Source: Earth Day Network
Earth Day Network in partnership with The UPS Foundation, today unveiled the first large-scale biodiesel production facility at a school in the region, as the centerpiece of Newton North High School’s showcase Biodiesel Production and Education Program.
The facility and program began through the initiative of Newton North teachers Matt Anderson and Steve Chinosi, who both belong to Earth Day Network’s 30,000-member Educators’ Network. Years ago, Anderson and Chinosi established the “Greengineering” Club of nearly two dozen students that not only produces biodiesel, but has also created reusable shopping bags out of recycled plastic ones. The “greengineers” serve as ambassadors, engaging the rest of the student population and community in raising environmental awareness.
The new facility, purchased with a The UPS Foundation grant, has the capacity to produce 40 gallons of biodiesel fuel per week. Students harvest waste vegetable oil – a necessary building block of biodiesel – from the school’s cafeteria, thereby reducing the school’s waste and the associated cost of removal. Initially, the final product will supply clean fuel to several diesel engine-driving teachers, with the intention of broadening the fuel’s usage throughout the community.
Recognizing the benefit of biodiesel education and production for schools nationwide, Earth Day Network and The UPS Foundation are also funding a new biodiesel learning facility and lab at the Secondary Academy for Success High School in Bothell, WA, outside of Seattle. This lab will launch production in the next few weeks.
To help further expand opportunities for American high school students to produce cleaner fuels, Earth Day Network is launching an initiative to establish May 17 as National Biodiesel Education Day. Says Green Schools Coordinator, Joshua Volinsky, “Biodiesel is not just a cleaner, healthier alternative fuel. It is also a stepping stone towards empowering students with the tools necessary to make a difference in their own lives and the health of the planet.” Volinsky noted that the use of biodiesel can reduce particle emissions from school buses by up to 40%, eliminating a particularly harmful pollutant to the still-developing lungs of young people. “Our nation’s school buses travel over 5 billion miles per year; imagine the health benefits if just a small fraction of these schools were to switch over to biodiesel. It is our hope that a day dedicated to biodiesel education will inspire such change,” Volinsky said.
To complement the two projects, Earth Day Network’s Education Team, in partnership with the Clean Air Campaign, is adding a new curriculum on Transportation Sustainability to its respected, wide-ranging environmental curricula.
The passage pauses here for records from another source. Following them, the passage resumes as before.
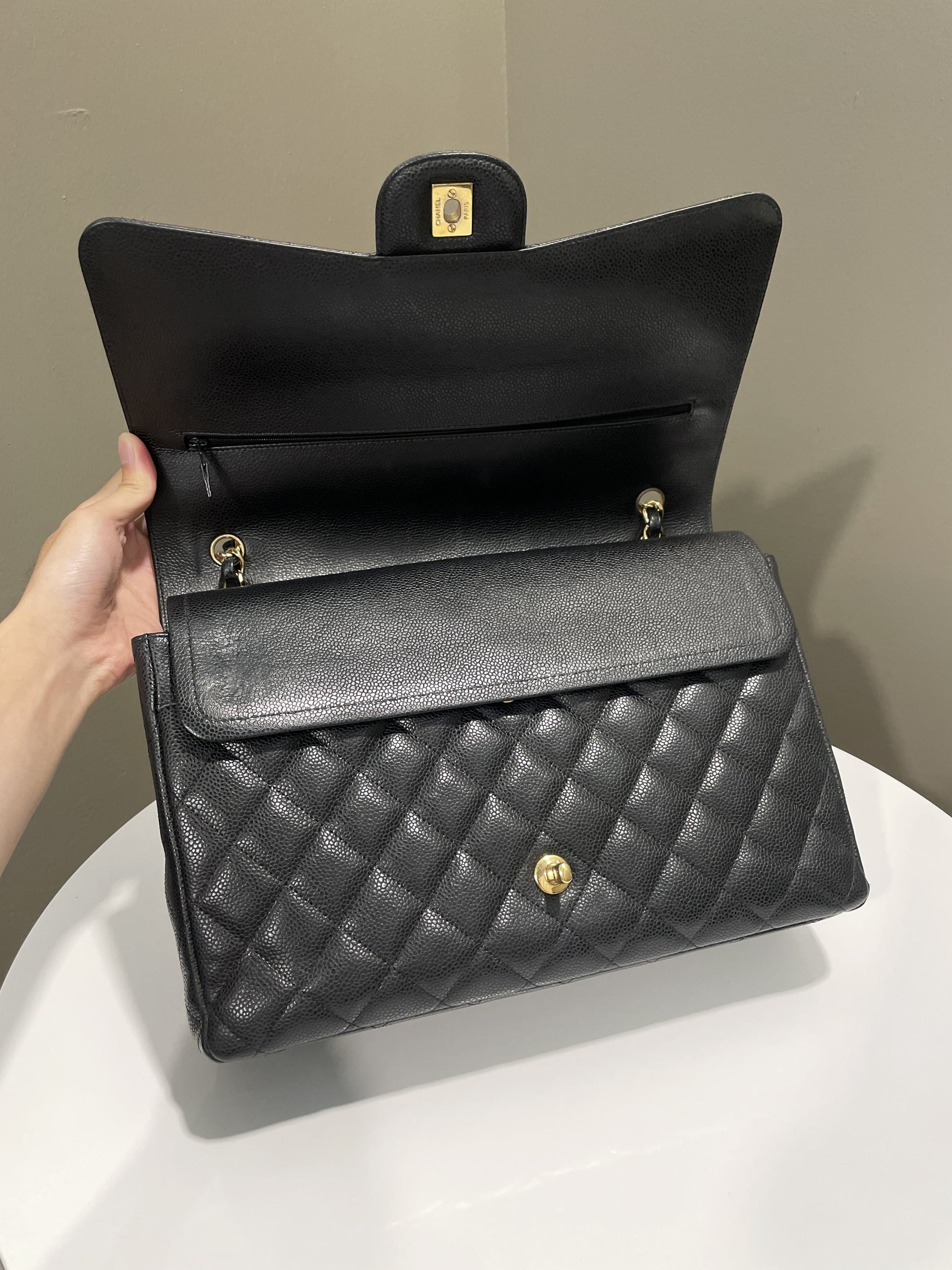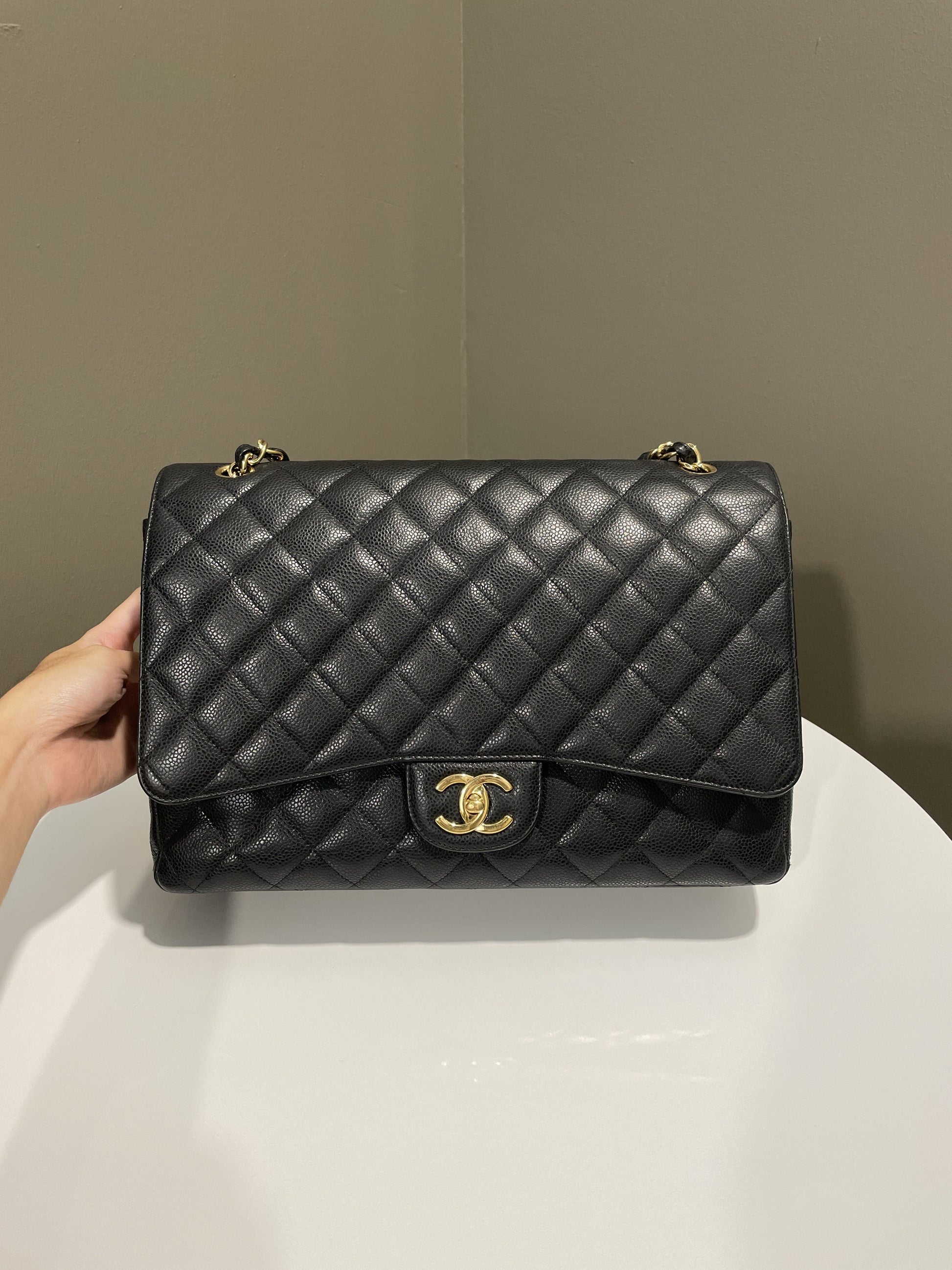 Chanel Classic Quilted Maxi Double Flap Black Caviar
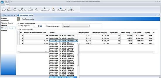 Rectangular tank planning has also been simplified by the new option of specifying the minimum wall thickness for specific types of tanks in the programme. RITA® 4.0 calculates the necessary steelwork for a given wall thickness. At the same time, users can use the new steel profile management tool to store individual profiles in the system and incorporate them into the calculation. "These functions help tank builders to plan rectangular tanks in a way that is more flexible and tailored to individual needs," explains Schüer.
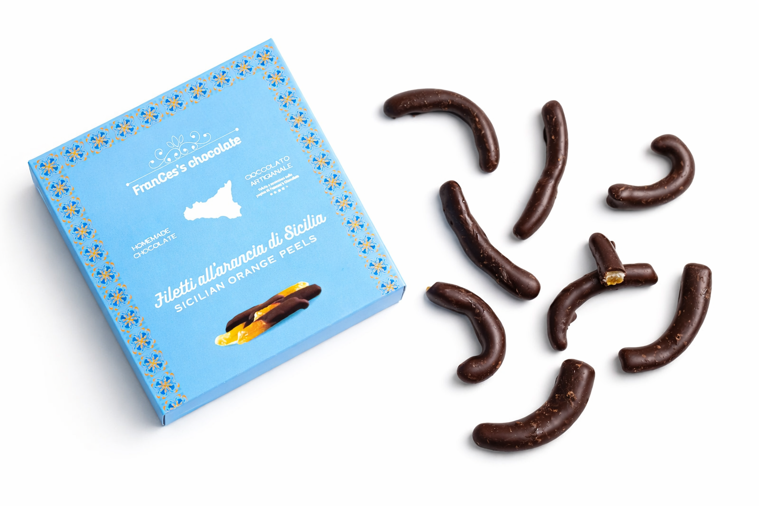Scorzette di arancia di Sicilia, ricoperte con cioccolato extra fondente.
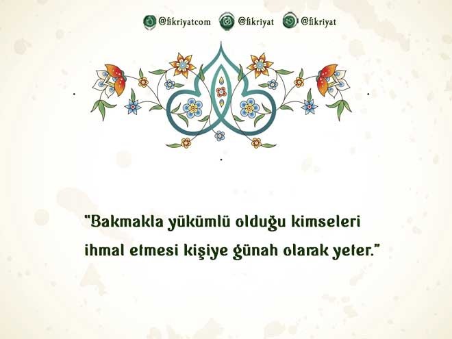 Peygamber Efendimizin bir hadisine göre, "Bakmakla yükümlü olduğu kimseleri ihmal etmesi kişiye günah olarak yeter." Ebû Davûd, Zekât, 45

It will also host an introductory webinar on biodiesel for teachers nationwide in the week following the event in Newton. Sean S. Miller, Earth Day Network’s Education Director, says: “Incorporating experiential lessons about sustainable methods of transportation is a necessary step towards building a cleaner, green economy. The students who are learning and experimenting now with these tools represent the next wave of innovators and entrepreneurs in American society, and we are proud to support the teachers and communities helping to make this change possible.”
Earth Day Network – in partnership with the Clinton Foundation and generously supported by The UPS Foundation – has committed to green America’s schools within a generation and believes that expanding hands-on learning opportunities for students is fundamental to achieving this goal. “UPS works with partners like Earth Day Network to set aggressive goals to reduce carbon emissions, promote energy conservation, invest in alternative fuels and technology and leverage technology to reduce miles driven around the world,” said The UPS Foundation President Ken Sternad. “Projects like these take an important step in testing innovative ideas and bring conservation efforts home to local communities.”